Li Xie, Jerry Li, Lei Xie, Philip E. Bourne

Abstract

Systematic identification of protein-drug interaction networks is crucial to correlate complex modes of drug action to clinical indications. We introduce a novel computational strategy to identify protein-ligand binding profiles on a genome-wide scale and apply it to elucidating the molecular mechanisms associated with the adverse drug effects of Cholesteryl Ester Transfer Protein (CETP) inhibitors. CETP inhibitors are a new class of preventive therapies for the treatment of cardiovascular disease. However, clinical studies indicated that one CETP inhibitor, Torcetrapib, has deadly off-target effects as a result of hypertension, and hence it has been withdrawn from phase III clinical trials. We have identified a panel of off-targets for Torcetrapib and other CETP inhibitors from the human structural genome and map those targets to biological pathways via the literature.

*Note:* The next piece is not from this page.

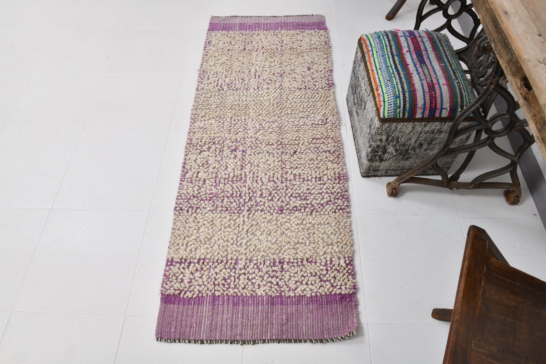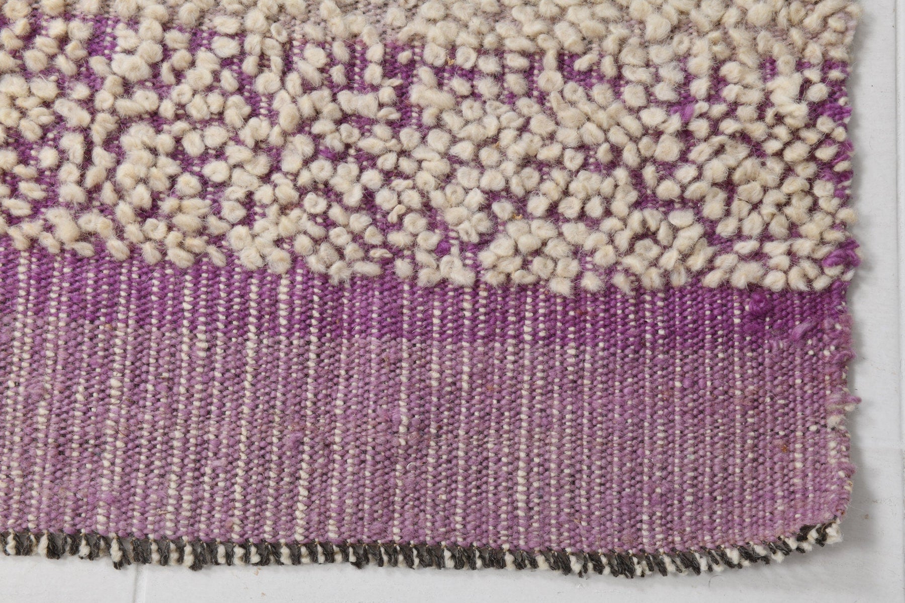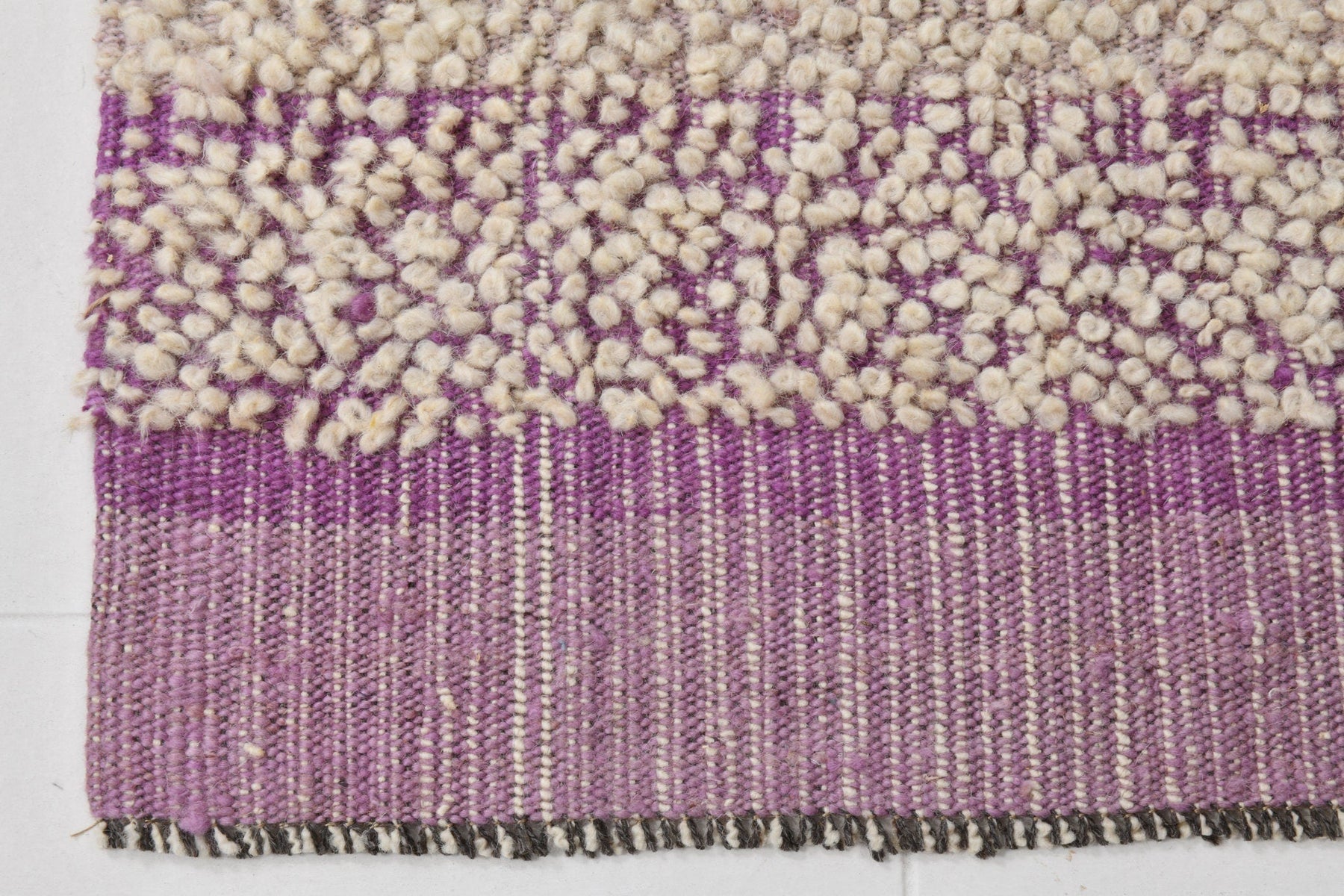 This is a newly made Modern Kilim Pompom, hand-woven by artisans within our company. It is created using the Hand Woven technique, offering a unique texture and design. It measures 2'3" x 5'10" ft size (68 x 178 cm size) and is made of %100 Wool. It carries the cultural richness of Anatolian regions and it features colors and patterns that suit contemporary fashion. Clean, well-formed, and ready for use.

The predicted protein-ligand network is consistent with experimental results from multiple sources and reveals that the side-effect of CETP inhibitors is modulated through the combinatorial control of multiple interconnected pathways. Given that combinatorial control is a common phenomenon observed in many biological processes, our findings suggest that adverse drug effects might be minimized by fine-tuning multiple off-target interactions using single or multiple therapies. This work extends the scope of chemogenomics approaches and exemplifies the role that systems biology has in the future of drug discovery.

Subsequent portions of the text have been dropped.